Re: [PATCH -v2 2/2] make the compaction "skip ahead" logic robust

Rik van Riel <riel@xxxxxxxxxx> · Mon, 17 Sep 2012 09:50:08 -0400

On 09/15/2012 11:55 AM, Richard Davies wrote:
Hi Rik, Mel and Shaohua,

Thank you for your latest patches. I attach my latest perf report for a slow
boot with all of these applied.

Mel asked for timings of the slow boots. It's very hard to give anything
useful here! A normal boot would be a minute or so, and many are like that,
but the slowest that I have seen (on 3.5.x) was several hours. Basically, I
just test many times until I get one which is noticeably slow than normal
and then run perf record on that one.

The latest perf report for a slow boot is below. For the fast boots, most of
the time is in clean_page_c in do_huge_pmd_anonymous_page, but for this slow
one there is a lot of lock contention above that.
How often do you run into slow boots, vs. fast ones?
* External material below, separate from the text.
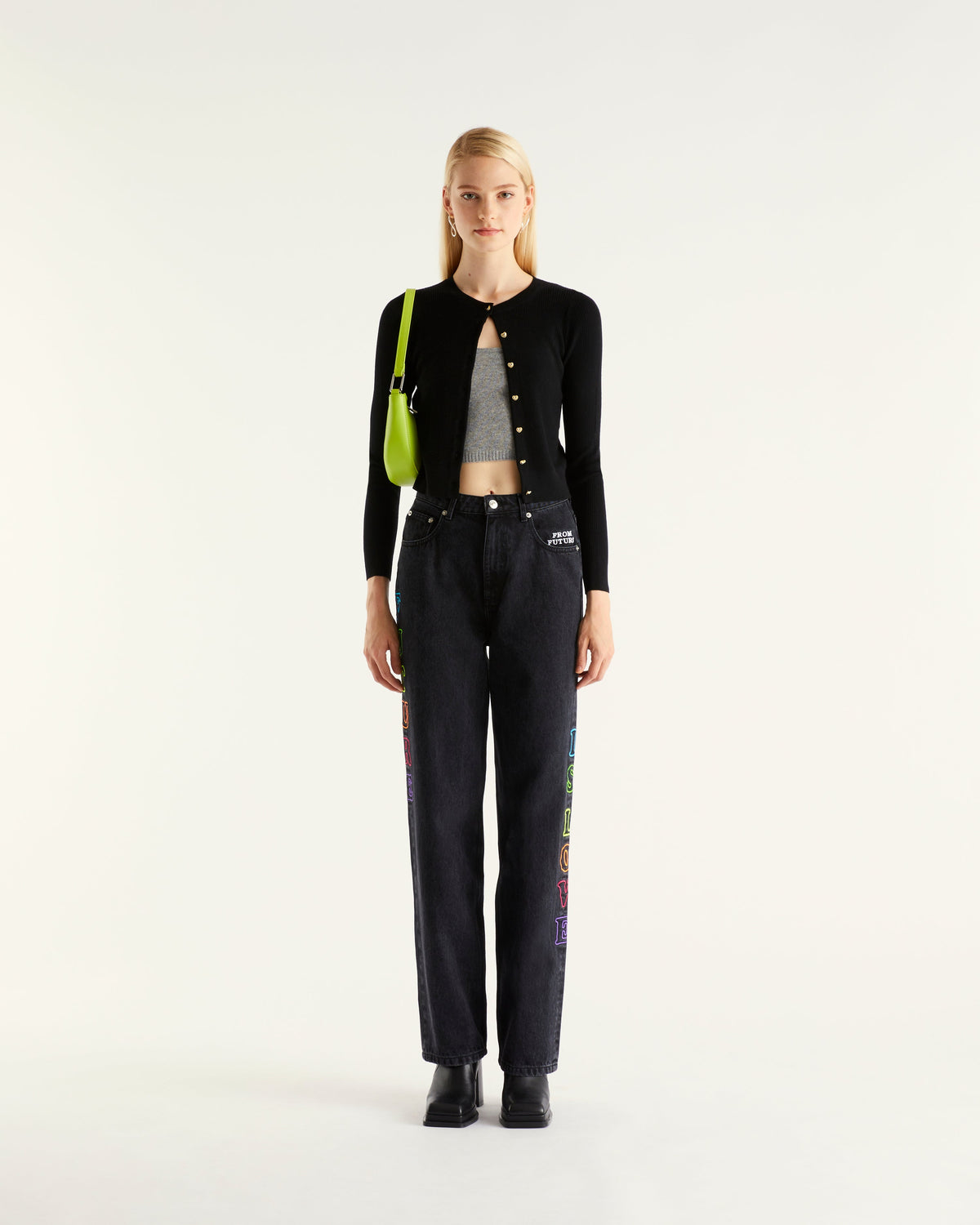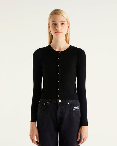 Cardigan à Côtes Bouton Fantaisie 2 Fils - 100% Laine Mérinos - Noir

# Overhead          Command         Shared Object                                          Symbol
# ........  ...............  ....................  ..............................................
#
     58.49%         qemu-kvm  [kernel.kallsyms]     [k] _raw_spin_lock_irqsave
                    |
                    --- _raw_spin_lock_irqsave
                       |
                       |--95.07%-- compact_checklock_irqsave
                       |          |
                       |          |--70.03%-- isolate_migratepages_range
                       |          |          compact_zone
                       |          |          compact_zone_order
                       |          |          try_to_compact_pages
                       |          |          __alloc_pages_direct_compact
                       |          |          __alloc_pages_nodemask
Looks like it moved from isolate_freepages_block in your last
trace, to isolate_migratepages_range?

Mel, I wonder if we have any quadratic complexity problems
in this part of the code, too?

The isolate_freepages_block CPU use can be fixed by simply
restarting where the last invocation left off, instead of
always starting at the end of the zone.  Could we need
something similar for isolate_migratepages_range?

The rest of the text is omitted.